Single by Noel Gallagher's High Flying Birds

from the album Noel Gallagher's High Flying Birds
- B-side: "The Good Rebel"
- Released: 21 August 2011
- Genre: Rock, baroque pop
- Length: 3:36
- Label: Sour Mash
- Songwriter: Noel Gallagher
- Producers: Noel Gallagher, Dave Sardy

Noel Gallagher's High Flying Birds singles chronology
|  | "The Death of You and Me" (2011) | "AKA... What a Life!" (2011) |

= The Death of You and Me =

"The Death of You and Me" is the debut single by the English rock band Noel Gallagher's High Flying Birds. The song was written by Noel Gallagher as his first solo effort, and produced by Gallagher and Dave Sardy. It was released on 21 August 2011 by Sour Mash Records as the debut single and lead single from the band's eponymous debut album (2011). On 28 August 2011, the song debuted at number fifteen on the UK Singles Chart.

==Background==
Rumours that "The Death of You and Me" was the name of Gallagher's first solo single began to surface in June 2011. It was confirmed the following month that the song was to be released as the musician's first solo single on 21 August 2011, through Gallagher's own label Sour Mash Records with B-side "The Good Rebel". When asked at a press conference whether the meaning of the song was related to the relationship between himself and former bandmate and brother Liam, Gallagher replied that it was based on the saying "If we don't leave this place, it'll be the death of you and me", and that it was "a bit more romantic than that [his relationship with his brother]" and is "a romantic song about ... people escaping the surroundings they're in ... and having a jolly good time and living happily ever after".

==Music video==
Filmed in Los Angeles, California, the music video for "The Death of You and Me" starts at a café and a waitress serving customers including Gallagher before taking a break. She then goes outside and prepares to dive backwards into a swimming pool but is pushed in by Gallagher. She then gets out of the pool and walks through the café and out the front to see a band and a horse-drawn wagon, which appeared throughout the video, stopping outside the café. The wagon's door then opens and the waitress goes inside before the door slams shut. The video ends with the words To Be Continued (The 'story' then continues in the 2nd single from the album, AKA... What a Life!. The video was made available to viewers in the United Kingdom on 25 July 2011. It also shows that Noel Gallagher is left-handed despite playing the guitar right-handed.

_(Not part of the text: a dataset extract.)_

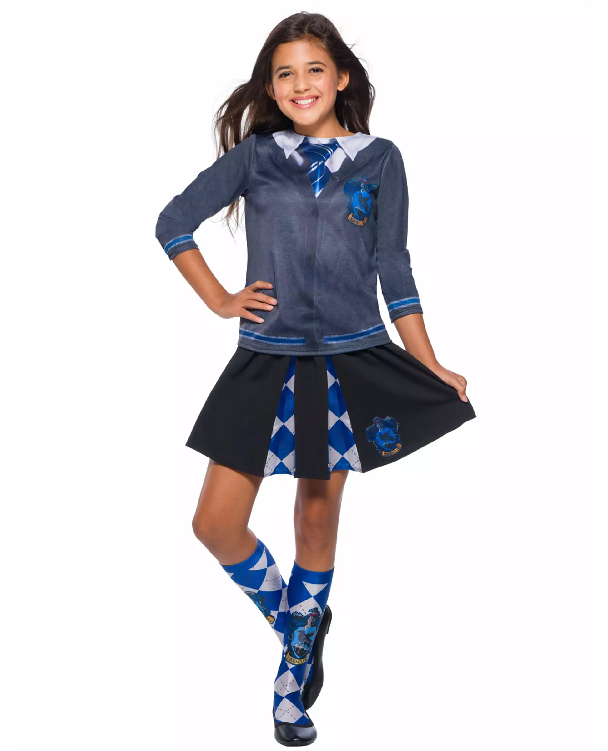 Ravnklo og du er en! Dette Ravnklo-skjørtet – offisielt lisensiert av Harry Potter – er for barn. Det korte, plisserte, svarte skjørtet har to folder i fargene til den berømte Ravnklo-skolen. Ravnklo-våpenskjoldet er også flokket på skjørtet i fargene blått og hvitt. Bring magi til trollmannsfesten eller karnevalet ditt med dette pene Ravnklo-skjørtet! Inkludert tilbehør: Skjørt Materiale: 100 % polyester Stell: Håndvask
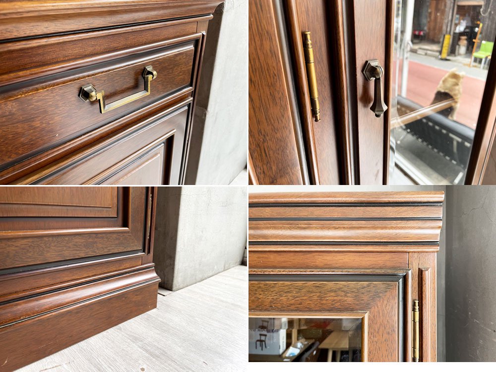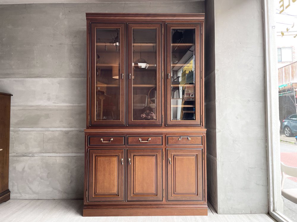 マルニ木工 MARUNI 地中海シリーズ ガラス扉キャビネット カップボード 食器棚 3枚扉 クラシカルスタイル ♪

The waitress is played by actress Devon Ogden. Directed and produced by Mike Bruce, with producers Blake West and Camille LaBry of United Film House.

==Track listing==

CD single, 7" vinyl
| No. | Title | Length |
|---|---|---|
| 1. | "The Death of You and Me" | 3:36 |
| 2. | "The Good Rebel" | 4:20 |

Digital download
| No. | Title | Length |
|---|---|---|
| 3. | "The Death of You and Me" (music video) | 4:01 |

==Charts==
=== Weekly charts ===

Weekly chart performance for "The Death of You and Me"
| Chart (2011) | Peak position |
|---|---|
| Belgium (Ultratip Bubbling Under Flanders) | 15 |
| Belgium (Ultratip Bubbling Under Wallonia) | 24 |
| Czech Republic Modern Rock (IFPI) | 7 |
| Ireland (IRMA) | 35 |
| Mexico Airplay (Billboard) | 21 |
| Scotland Singles (OCC) | 10 |
| UK Singles (OCC) | 15 |
| UK Indie (OCC) | 2 |

== Certifications ==

| Region | Certification | Certified units/sales |
| United Kingdom (BPI) | Silver | 200,000^{‡} |
^{‡} Sales+streaming figures based on certification alone.